Rewrite the Rules: Fixing the Assignment, Not Just the Attitude
By Carter F. Smith | carterfsmith.com
Let me say it plain: I don’t want to spend my career playing grammar cop to an army of language models. I’d rather fix the job than police the tools. That’s what Rewrite the Rules is about.
If you read my last post (Beyond Detection), you know I’m not here to scold students for using AI. I’m here to understand what its use says about what we’ve built. Because frankly, some of our assignments are just begging for automation.
That’s not a dig. It’s a pattern I’ve seen—over and over again, in cases and classrooms alike. If a task is boring, predictable, easily gamed, and high-stakes with low feedback? It will be exploited. Not by the worst students, but often by the most efficient ones.
So I stopped asking “How do I catch them?” and started asking “Why does this prompt need to exist in the first place?”
That shift—right there—is what Rewrite the Rules walks through.
We talk about redesigning assignments not as an act of defense, but of intention. We focus on how to make writing harder to fake and easier to own. And I don’t mean “harder” like more pages or tighter deadlines. I mean assignments that push students to reflect, to integrate, to say something no machine could say.
We tackle feedback, rubrics, and grading structures that emphasize process over product. Because when students know you’re evaluating their thinking, not just their typing, they approach the work differently.
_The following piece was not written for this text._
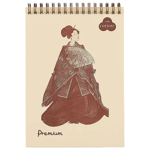 Обычная бумага серии premium, фактура под холст (не такая как у акварельных "холстов", мельче, чаще и рельефнее), цвет насыщенный кремовый, ярче обычной "слоновой кости". Как вся бумага этой серии, с возрастом (лет 5-6) желтеет, не пойми почему, помечена как бескислотная и на солнце не попадает. Эта - наименее критично, чуть теряет теплоту, розоватость. Резинку терпит неохотно, от активного стирания может заворситься, воду, несмотря на плотность - не терпит совсем. Может пережить густую гуашь. Толстые ручки - роллеры и гелевые, без риска стирания - вполне, письму фактура не мешает. Пастель принимает любую, пропорционально фактуре, больше всех бумаг этой же фирмы, и меньше абразивных. Карандаши держит хорошо. Звезд с неба не хватает, но в заявленном диапазоне-работает. Весь блокнот сделан из одной и той же бумаги, пружина тонкая, но прочная, подложки сзади нет, весь блок мнется и гнется.

You can’t expect a reflection paper if you never built in a moment for them to reflect. You can’t expect transparency about AI if they think it’ll get them a zero.
We built a toolkit—rubrics, process trackers, disclosure language. All freely available [here]. Faculty left with revised prompts and (I hope) a little less anxiety and a little more curiosity.
Because this isn’t a war on AI. It’s a call to build better structures, together.
And if that sounds too soft? I’ll remind you: when we redesigned field interview forms in the CID, it wasn’t because we liked paper cuts. It was because the old ones weren’t getting us what we needed.
Same principle. Better design = better outcomes. And sometimes fewer lies.